::: Information shown :::

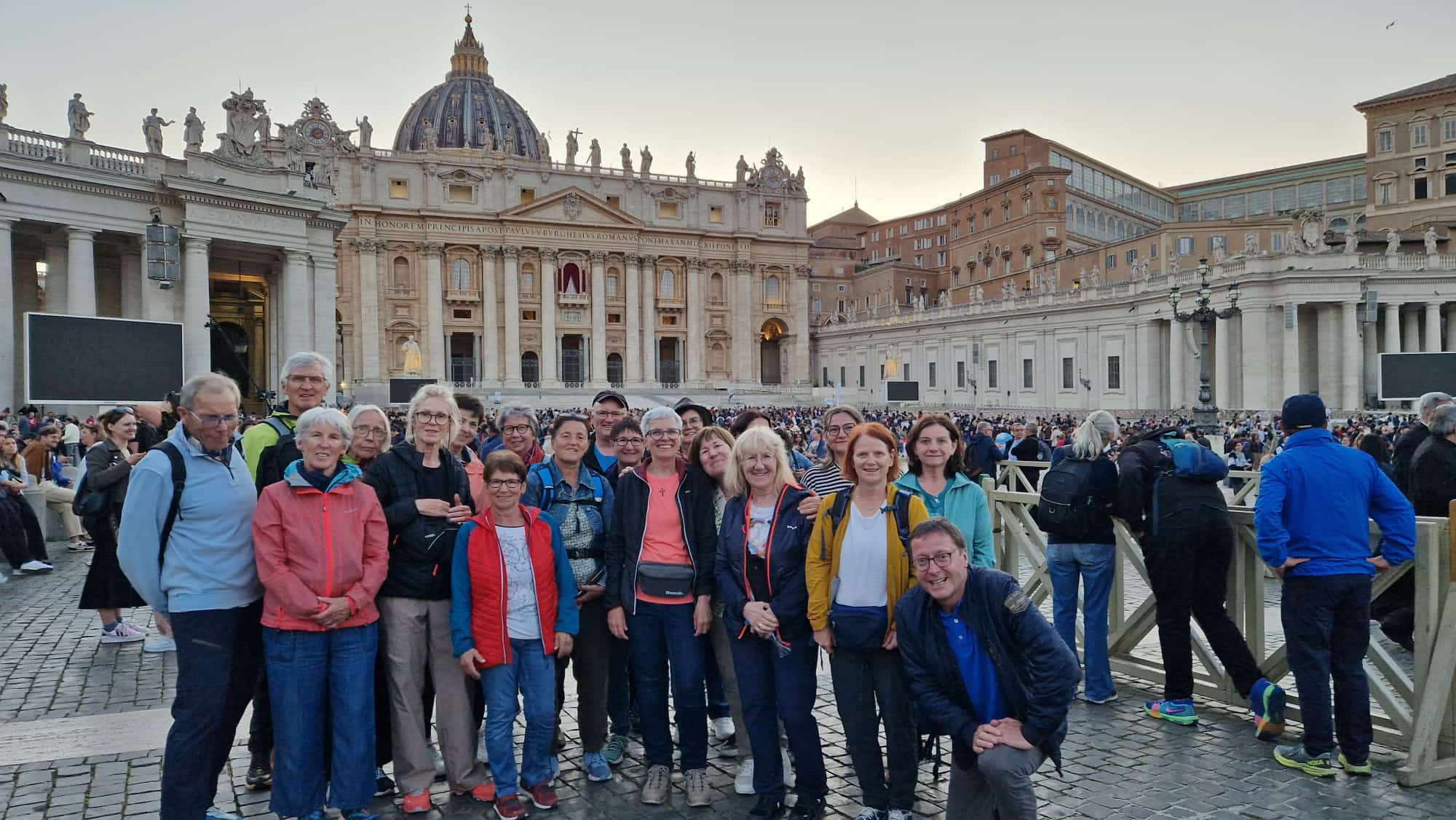 Eine Pilgergruppe aus Tirol mit dem Lienzer Dekan Franz Troyer konnten die Papstwahl am Petersplatz "live" miterleben. Foto: Troyer
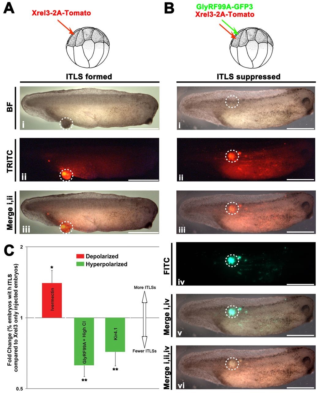Fig. 5. Hyperpolarization suppresses the formation of Xrel3 ITLSs. (A) To visualize and track ITLSs, mRNA encoding a fusion construct of Xrel3 and tdTomato was injected into a single blastomere of 16-cell stage embryos. (Ai,Aii) ITLSs resulting from Xrel3-2A-tdTomato injections were highly fluorescent when visualized under a TRITC filter set. (Aiii) Overlay of brightfield (BF) and TRITC images shows colocalization of ITLS and red fluorescent signal, confirming that foci of oncogene expression are the cells that form ITLS. (B) To test whether hyperpolarization (driving depolarized Vmem back to the normal state) suppresses ITLS formation, a constitutively open, glycine gate chloride channel (GlyRF99A-GFP3) was co-injected with Xrel3-2A-tdTomato into a single blastomere of a 16-cell stage embryo. (Bi) Morphologically apparent ITLSs were often missing from these embryos. (Bii,Biii) Nevertheless, there was expression of Xrel3 protein evidenced by the presence of tdTomato signal. (Biv,Bv) Expression of hyperpolarizing channel protein (GlyRF99A-GFP3) was driven in the same region (Bvi) as Xrel3-2A-tdTomato expressing cells. (C) Fold change in ITLS for embryos co-injected with Xrel3 plus channel mRNA compared with Xrel3-only injected embryos. Xrel3-only injected embryos with ITLS have a ratio of one; ratio values below and above one represent fewer and more embryos with ITLS, respectively. Two very different hyperpolarizing channels (based on Cl− and K+) both resulted in suppression of ITLSs, demonstrating that this effect is due to change in Vmem and not tied to one channel protein or one ion. Fold decreases of 1.54 and 1.62 in the number of embryos were observed for Kir4.1- (K+ hyperpolarizing channel) and GlyRF99A-injected embryos, respectively (one sample t-test, **P<0.01 compared with a normalized value of 1 that represents ITLS incidence in Xrel3-only injected embryos). The number of embryos with ITLS was also increased (1.4-fold) by further depolarizing Xrel3-only injected embryos via ivermectin (one sample t-test, *P=0.05 compared with Xrel3-only injected embryos). Scale bars: 1 mm |
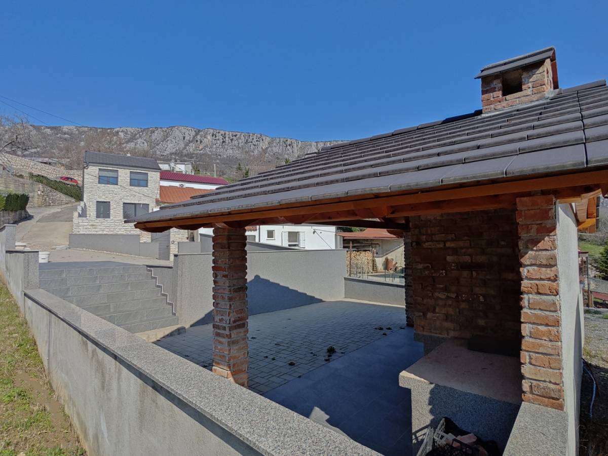 Okućnica od 500 m² uređena je za boravak na otvorenom. Uz bazen i sunčalište nalazi se velika pečenjara te natkriveni prostor za druženje, pogodan za obiteljske ručkove ili večernja okupljanja. Odvojeni dio okućnice predviđen je za parkiranje, s tri parkirna mjesta.
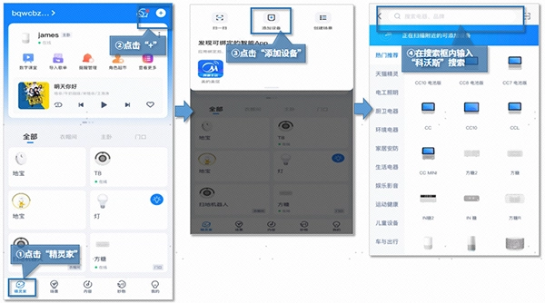 天猫精灵联网后,开始设置沃克斯扫地机器人。
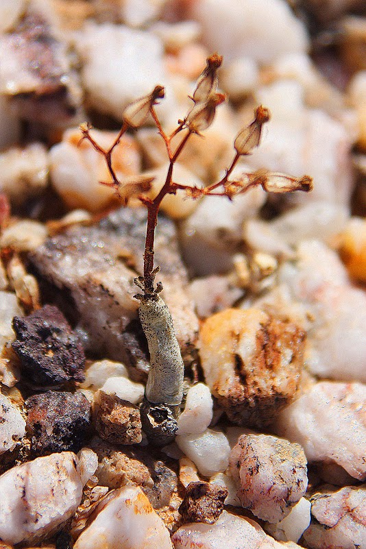 Einige auffällige Ausreißer aber gibt es immer, so auch hier: Da sind Argyrodermas, die tatsächlich grüne Blätter haben und fast wie eine Cheiridopsis aussehen, niedrig-krauchende Salsolas, die wir dieserorts so gar nicht erwartet hätten, Oophytums, die sich in tiefem Schlafe befinden, strotzende Sarcocornias, winzige Tylecodons, holzige Monilarias und immer wieder Crassulas, meine absoluten Lieblinge. Eigentlich. Denn mittlerweile bin ich von den anderen Sukkulenten mindestens ebenso fasziniert. Hier ist jede Pflanze so bizarr in Wuchs und Form, so eigen in ihrer Farbe, so hinreissend in ihrer Winzigkeit, so fesselnd in ihrer ureigenen Schönheit, dass ich sie alle am liebsten küssen möchte. Es ist wirklich fast unmöglich, meine Gefühle angesichts dieser kleinen Juwelen in Worte zu fassen, aber versuchen werde ich es trotzdem. Es ist eine Kombination aus Bewunderung für die Zähigkeit der Pflanzen, die eine fast mütterliche Zuneigung in mir hervorruft und das ehrfürchtige Staunen, das die Perfektion der Formen und Farben provoziert, das hat etwas beinahe Erotisches – im weitesten Sinne.
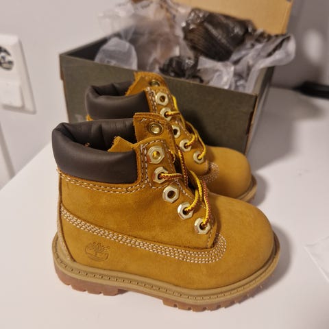 Timberland barnesko i størrelse 25 for unisex. Klassiske brune snørestøvler med kraftig yttersåle og polstret ankelparti. Overdel i nubuck-lignende materiale med karakteristiske sømmer og Timberland-logo på siden. Egnet som hverdagssko og til bruk ute i variert vær for barn. Pent brukt uten slitasje!
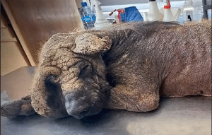 He was carefully transported to a veterinary clinic, where for the first time, he was surrounded by people focused entirely on his well-being. The extent of his condition became immediately clear. He was dangerously underweight, exhausted, and fragile—his body bearing unmistakable signs of long-term neglect.
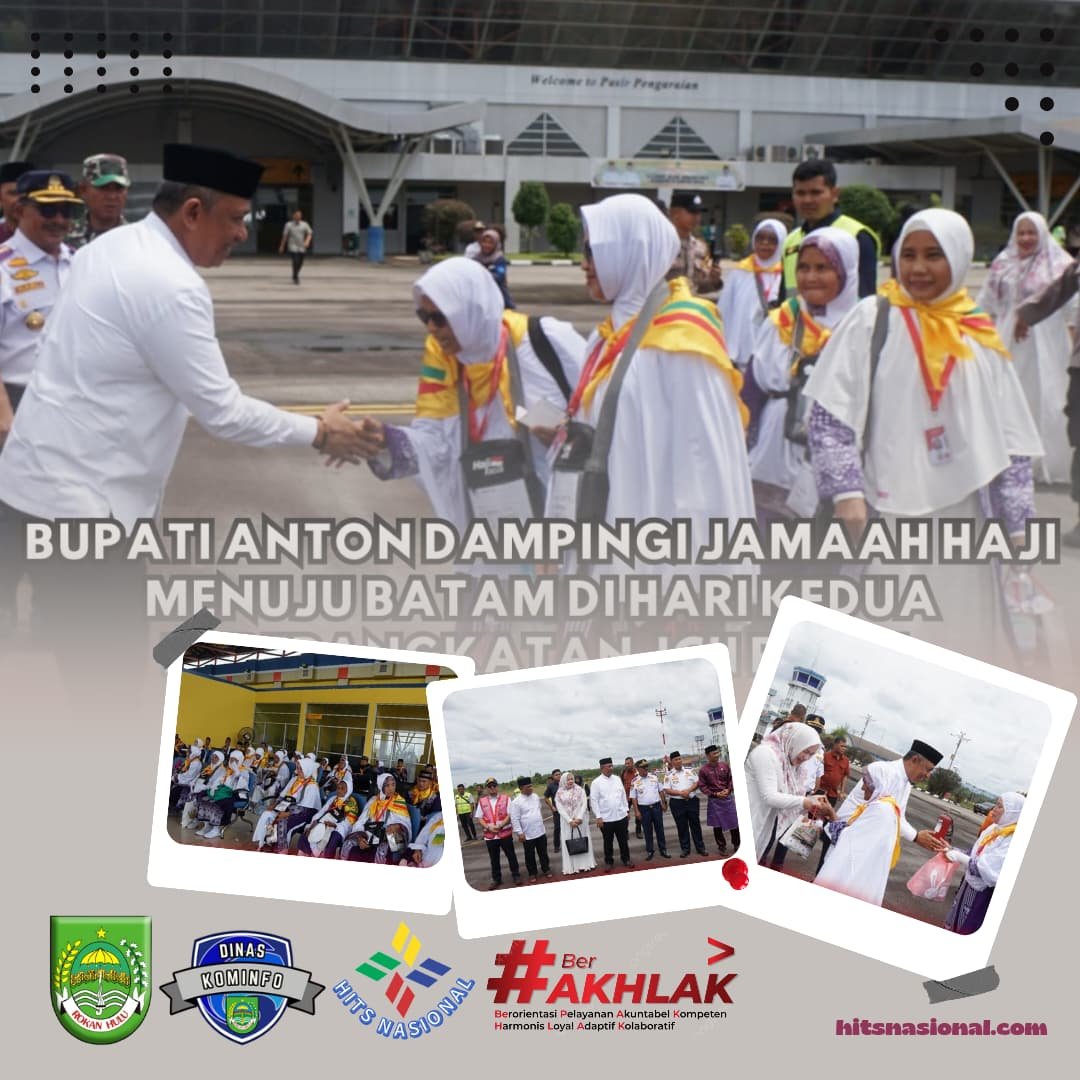 ROKAN HULU, hitsnasional.com – Bupati Rokan Hulu, Anton ST, MM bersama Ketua TP PKK Rokan Hulu, dr. Yeni Dwi Putri, mendampingi keberangkatan 58 Jamaah Calon Haji (JCH) kloter kedua menuju Batam, Jumat (9/5/2025). Penerbangan berlangsung sekitar pukul 12.30 WIB dari Bandara Tuanku Tambusai, Pasir Pengaraian.
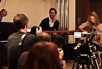Arrive le moment tant attendu du showcase. C'est un peu étrange comme situation. Prenez deux artistes.Installez les dans un cadre qui peut sembler familier : un salon confortable, avec feu de cheminée. Demandez leur de jouer quelques uns de leurs titres (dont bien sûr des nouveautés de l'album à paraitre le 25 octobre) comme s'ils étaient chez eux, juste tous les deux. Sauf qu'il y a sur place deux équipes pour les filmer et qu'en dehors du staff habituel (management, maison de disque...) il y a aussi quelques fans vainqueurs du concours lancé sur leur page FB et un lot de blogueurs, bardés de bonnes intentions à leur égard. Pas évident de faire-comme-si on était tranquille au calme chez soi. Pourtant Morgane et Mark s'en sortent bien. Visiblement détendus, ils plaisantent et se lancent dans l'aventure, souriants.
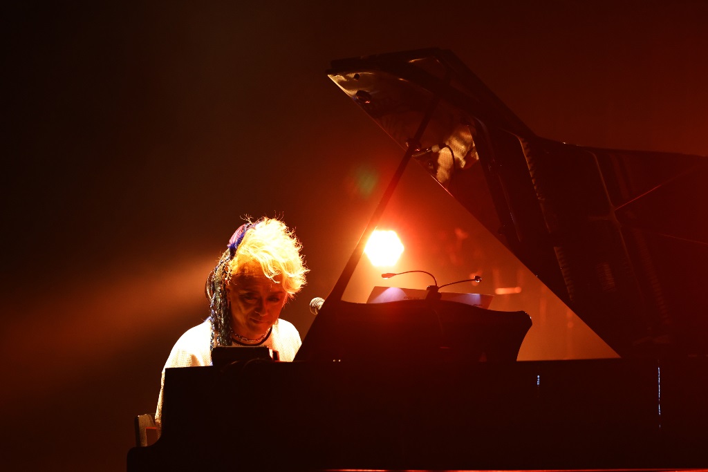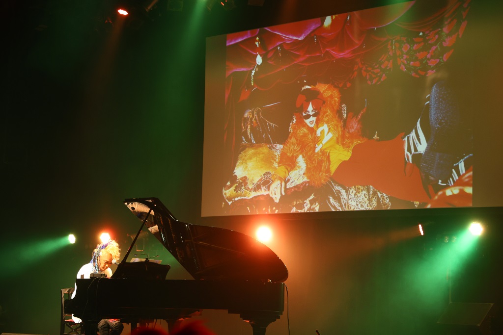 続く二番手は、hide with Spread BeaverのキーボーディストDIEのソロステージ。昨年に続き、グランドピアノでの弾き語りである。昨年は「眠れる音楽を追求した」というピアノアルバムをフィーチャーしたステージを見せてくれたが、今年は1曲目の「BLOOM」からアグレッシブ。アンビエント系の楽曲にも関わらず、ステージ上手には猫砂を使って作ったというデジタルサウンドエフェクト、下手にはシンセとボコーダーを置き、グランドピアノと3カ所を回って浮遊感のある実験的な音楽を創り出していた。1曲目で観客の度肝を抜く演奏を披露したDIEであるが、「ピンク スパイダー」をボサノバ風にピアノでアレンジしたり、軽快にピアノの弾き語りを聞かせてくれる。ラストは「お月様の歌です。hideちゃんもひーちゃん(HEATHの愛称)も同じ月を見ててほしいなと思います」と語った後、気持ちのこもった「THE SAME MOON」でステージを締めくくった。
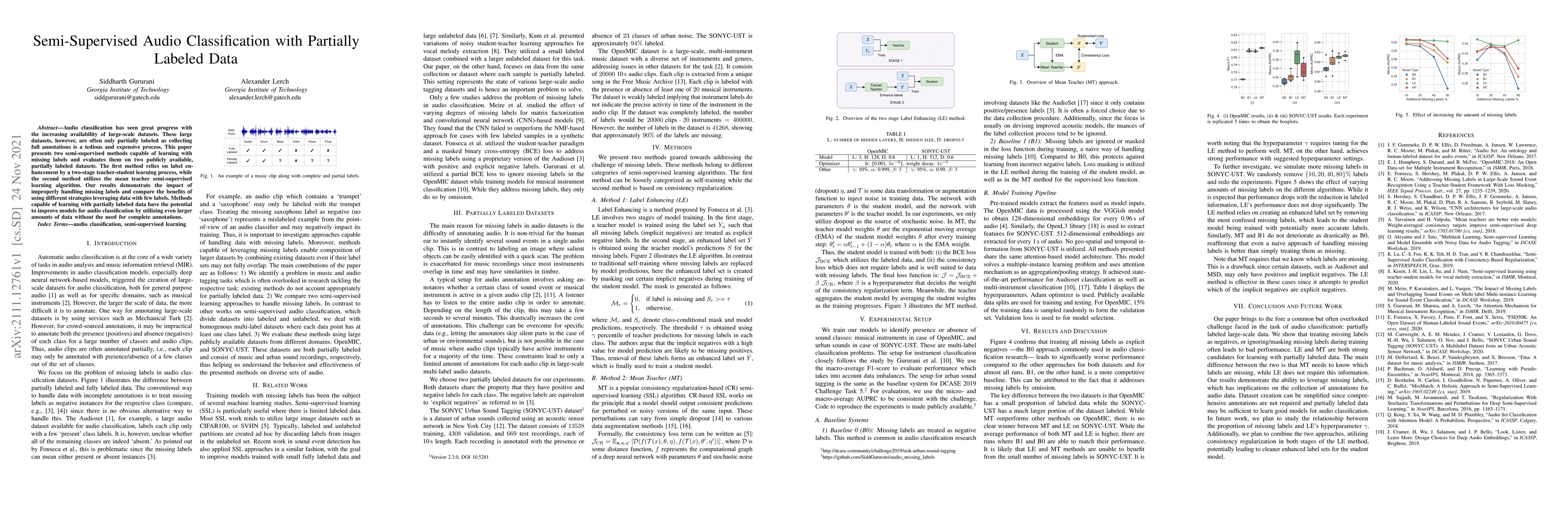 This paper introduces two semi-supervised methods for audio classification using partially labeled data, evaluating them on two datasets. The first method employs label enhancement through a teacher-student learning process, while the second uses mean teacher semi-supervised learning. The study highlights the importance of handling missing labels and the benefits of different strategies for leveraging unlabeled data.

:::

Copy out exactly the lines above beginning with the line that contains "Einige auffällige Ausreißer" and finishing with the line that contains "ROKAN HULU, hitsnasional.com", including both; leave the pictures out.

 Einige auffällige Ausreißer aber gibt es immer, so auch hier: Da sind Argyrodermas, die tatsächlich grüne Blätter haben und fast wie eine Cheiridopsis aussehen, niedrig-krauchende Salsolas, die wir dieserorts so gar nicht erwartet hätten, Oophytums, die sich in tiefem Schlafe befinden, strotzende Sarcocornias, winzige Tylecodons, holzige Monilarias und immer wieder Crassulas, meine absoluten Lieblinge. Eigentlich. Denn mittlerweile bin ich von den anderen Sukkulenten mindestens ebenso fasziniert. Hier ist jede Pflanze so bizarr in Wuchs und Form, so eigen in ihrer Farbe, so hinreissend in ihrer Winzigkeit, so fesselnd in ihrer ureigenen Schönheit, dass ich sie alle am liebsten küssen möchte. Es ist wirklich fast unmöglich, meine Gefühle angesichts dieser kleinen Juwelen in Worte zu fassen, aber versuchen werde ich es trotzdem. Es ist eine Kombination aus Bewunderung für die Zähigkeit der Pflanzen, die eine fast mütterliche Zuneigung in mir hervorruft und das ehrfürchtige Staunen, das die Perfektion der Formen und Farben provoziert, das hat etwas beinahe Erotisches – im weitesten Sinne.
 Timberland barnesko i størrelse 25 for unisex. Klassiske brune snørestøvler med kraftig yttersåle og polstret ankelparti. Overdel i nubuck-lignende materiale med karakteristiske sømmer og Timberland-logo på siden. Egnet som hverdagssko og til bruk ute i variert vær for barn. Pent brukt uten slitasje!
 He was carefully transported to a veterinary clinic, where for the first time, he was surrounded by people focused entirely on his well-being. The extent of his condition became immediately clear. He was dangerously underweight, exhausted, and fragile—his body bearing unmistakable signs of long-term neglect.
 ROKAN HULU, hitsnasional.com – Bupati Rokan Hulu, Anton ST, MM bersama Ketua TP PKK Rokan Hulu, dr. Yeni Dwi Putri, mendampingi keberangkatan 58 Jamaah Calon Haji (JCH) kloter kedua menuju Batam, Jumat (9/5/2025). Penerbangan berlangsung sekitar pukul 12.30 WIB dari Bandara Tuanku Tambusai, Pasir Pengaraian.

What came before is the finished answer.